Machine Learning 5.0 In-depth Analysis Trends in Classification

Authors

  • Dianda Rifaldi Department of Informatics, Universitas Ahmad Dahlan, Indonesia
  • Tri Stiyo Famuji Department of Information Technology, Universitas Harapan Bangsa, Indonesia
  • Setiawan Ardi Wijaya Department of Information System, Universitas Muhammadiyah Riau, Indonesia
  • Ahmed Jaber Abougarair Electrical and Electronics Engineering, University of Tripoli, Libya
  • Phichitphon Chotikunnan College of Biomedical Engineering, Rangsit University, Thailand
  • Alfian Ma'arif Department of Electrical Engineering, Universitas Ahmad Dahlan, Indonesia
  • Furizal Department of Research and Development, Peneliti Teknologi Teknik Indonesia, Indonesia

DOI:

https://doi.org/10.64539/sjcs.v1i1.2025.18

Keywords:

Machine Leaning, Explainable AI, Federated Learning, Transfer Learning, Generative Adversarial Networks

Abstract

In the era of Technology 5.0 Machine Learning continues to show significant advancements across various sectors.
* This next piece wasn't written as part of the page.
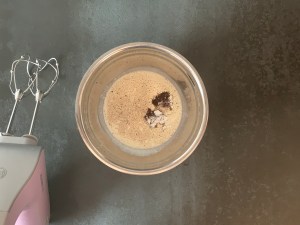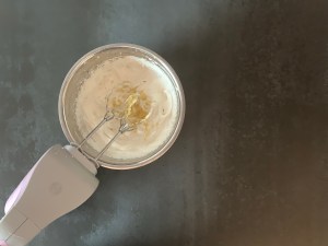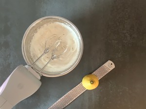 Ingen kaka utan något gott till så jag vispade grädde med florsocker, vaniljpulver och pyttelite bakpulver, när den var fast och fin så zestade jag 1st citron och vispade ut skalet i grädden. Den lätta syran tillsammans med den söta vaniljgrädden var en bra finish till kakan.

This study aims to examine the latest trends in Machine Learning classification, focusing on four key approaches Explainable Artificial Intelligence, Federated Learning, Transfer Learning, and Generative Adversarial Networks. The methodology involves a comprehensive literature review of research in Asia and experimentation with related datasets. The findings indicate that Explainable Artificial Intelligence enhances transparency and accuracy in data classification, Federated Learning enables decentralized learning while safeguarding data privacy, Transfer Learning improves accuracy with small datasets, and Generative Adversarial Networks aids in data augmentation for better model training. In conclusion, these techniques not only enhance the efficiency and accuracy of classification but also open up new opportunities for innovation in various fields, including healthcare, transportation, and cybersecurity.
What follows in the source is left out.